Thanks Burt, there is never enough room though. I should pull the trigger on a trailer set up.


----------



## RCP (Apr 18, 2007)

That does look nice Sean, and the boys are cute!:thumbsup:


----------



## Workaholic (Apr 17, 2007)

RCP said:


> That does look nice Sean, and the boys are cute!:thumbsup:


That is how those boys lure you in. Then you discover they are monsters lol. 
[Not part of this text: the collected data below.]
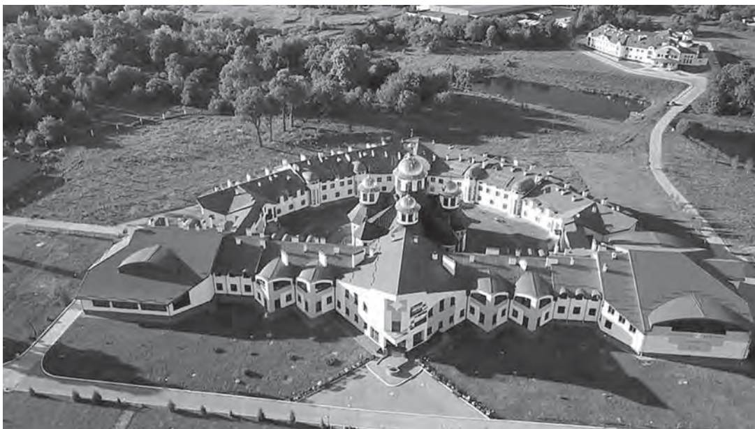
Рис. 2. Комплекс Львівської духовної семінарії УГКЦ (м. Львів, вул. Хуторівка)
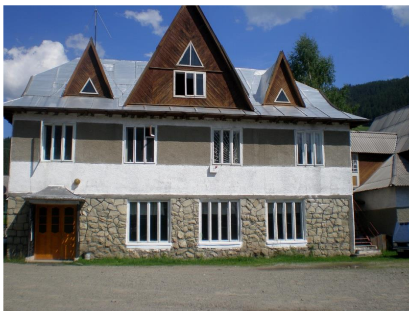
Рис. 2.2. Загальний вигляд контори Верховинського районного лісгоспу
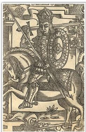
Портрет Миндовга. Из хроники Александра Гваньини. 1578 г.

О каком событии свидетельствует данный фрагмент летописи?
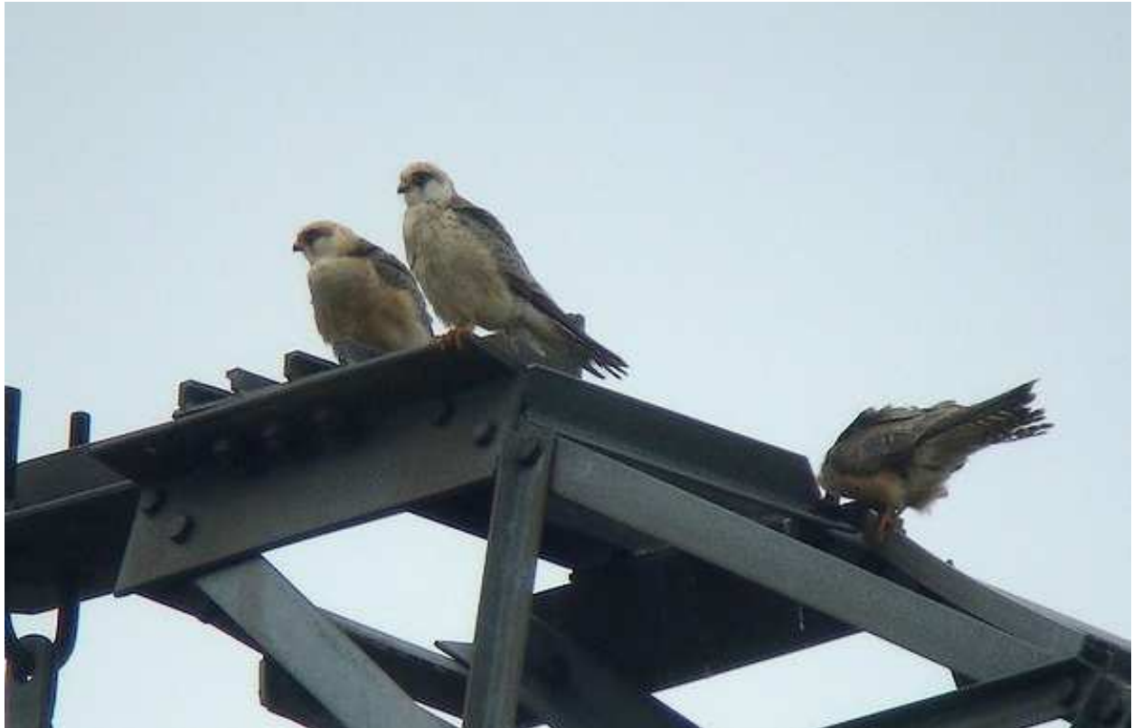
Kobczyki odpoczywające koło Suraża 15.05.2010
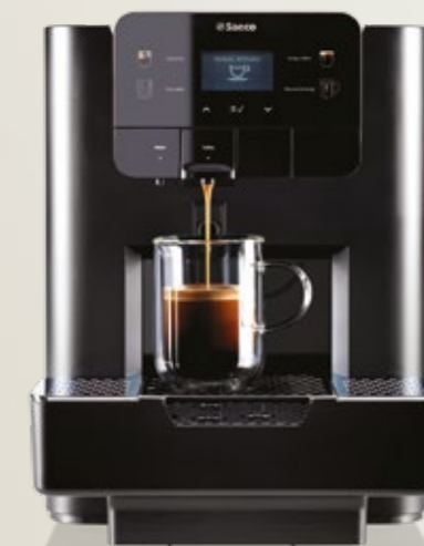
AREA Focus Nespresso®*

Attacco rete idrica opzionale (con kit rete idrica)
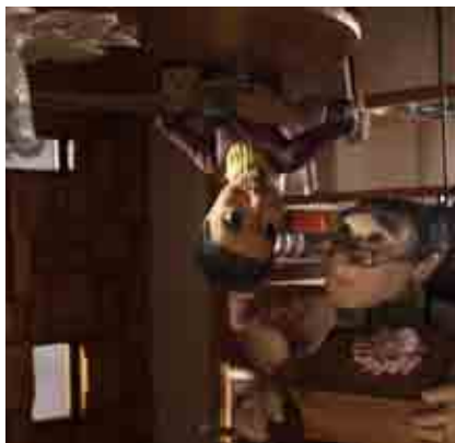
Head over Heels
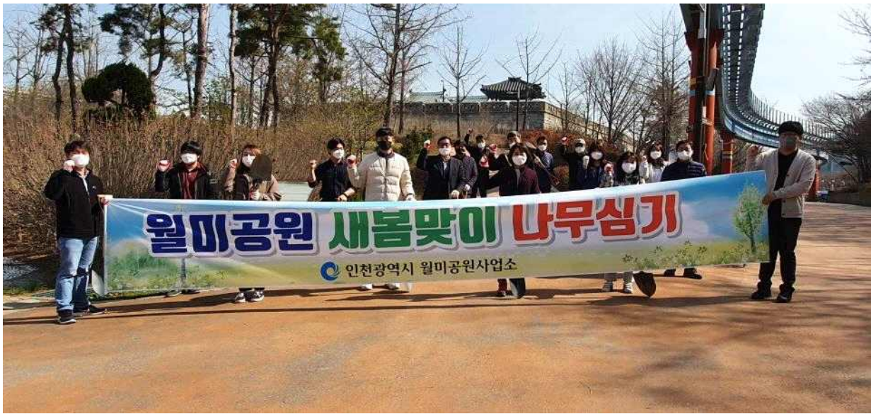
나무심기 행사 사진(21.3.)
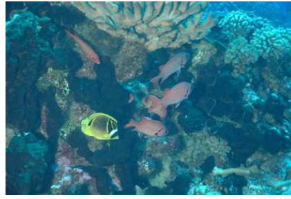
Chaetodon raton laveur (jaune) max 20cm
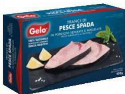
GELO TRANCI DI PESCE SPADA 450 G
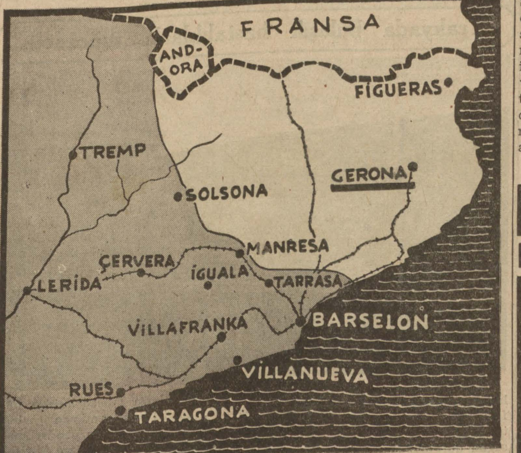
İspanyada, Barselonun zaptından sonraki vaziyeti gösterir harta (Yazısı 7 nci sahifemizde)

Franko kuvvetleri Katalonyada yayılmaya devam ediyor. Dün bir bombardımanda sekiz yüz elli gönüllü öldü
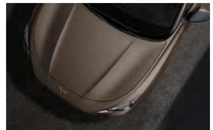
++ ברונזה מט L3L3

+ תוספת בתשלום ++ במנועי VZ בלבד בתוספת תשלום
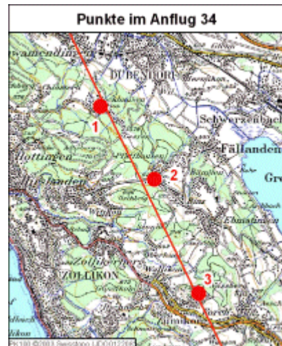
JPG, 468kb (Vorschau anklicken)

Der rote Strich rechts zeigt den Anflug auf Piste 16
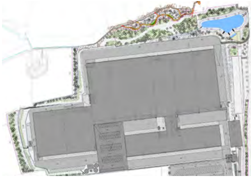
2015 Hermes Logistikzentrum Löhne LP 3 - 6
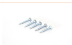
Vis autotaraudeuses (+ embouts assortis)
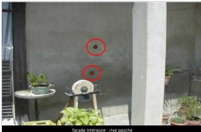
façade intérieure - rive gauche
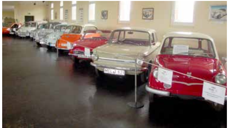
I avdelningen för "småbilar" finns det massor av Glas, NSU, Goggomobil, Messerschmitt och liknande.
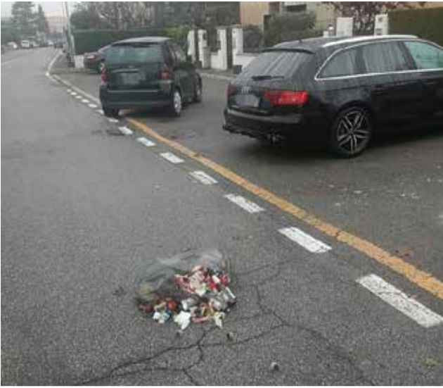
Vetro, carta e plastica tra i rifiuti abbandonati per strada
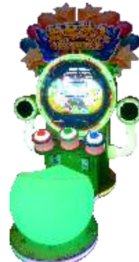
ML-QF1078 Piano Talent 钢琴达人
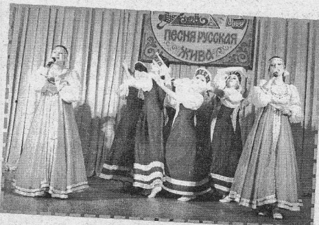
Выступление коллектива РДК «Рассвет»
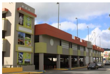
Terminal de Carros Públicos
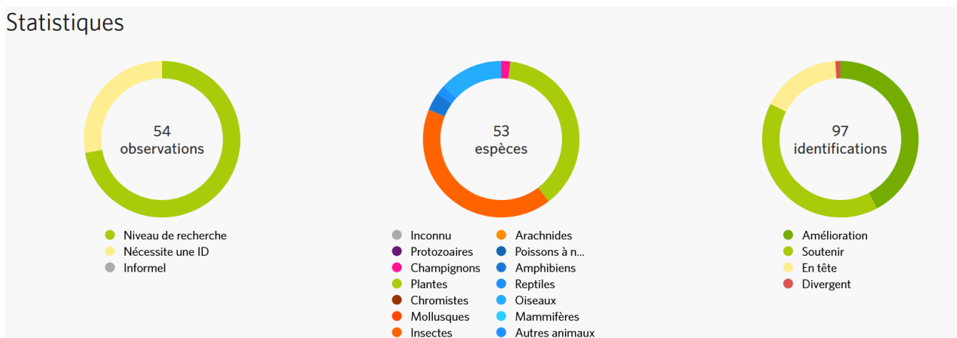
Figure 1: Statistiques liées à la page projet INaturalist ABC de Concoret
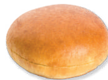
PAN HAMBURGUESA PATATA PREMIUM

Pan de hamburguesa brioche de textura ligera y sabor suave que hace de este pan un resultado premium.
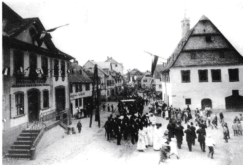
Festzug zur Einweihung der Synagoge 1904.

Zur Reichstagswahl am 6. November 1932 stimmten in Nastätten 661 von 999 Wählern für die NSDAP, bei der Reichstagswahl am 5. März 1933 waren es 820 von insgesamt 1161 Stim-
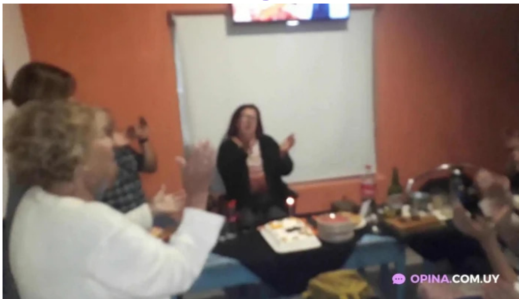
El maestro pizzeriachiveteria videos
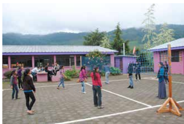
LÄGGS NER. Föreningen CNL har inte möjlighet att driva högstadiet vidare.

I like Rob's set up of leaving the pump on the truck.


----------



## daArch (Mar 15, 2008)

RCP said:


> and the boys are cute!:thumbsup:


Jeepers, I didn't know a couple of "miserable ********" could look so adorable 

(sorry, I was just feeling lucky)


----------



## RCP (Apr 18, 2007)

Workaholic said:


> That is how those boys lure you in. Then you discover they are monsters lol.
> 
> I like Rob's set up of leaving the pump on the truck.


Ain't that the truth!

The rig in the truck works fine in the summer, but not in the winter.


----------



## Workaholic (Apr 17, 2007)

daArch said:


> Jeepers, I didn't know a couple of "miserable ********" could look so adorable
> 
> (sorry, I was just feeling lucky)


They don't know they are miserable yet. :laughing:


----------



## daArch (Mar 15, 2008)

Looks like they need a trip to NJ. Then they will know what MISERABLE is:thumbup:


----------



## Wolfgang (Nov 16, 2008)

Now the question is: "How long will it stay that way?" Have to admit, it's about the cleanest painters van floor I've ever seen.


----------



## Workaholic (Apr 17, 2007)

Wolfgang said:


> Now the question is: "How long will it stay that way?" Have to admit, it's about the cleanest painters van floor I've ever seen.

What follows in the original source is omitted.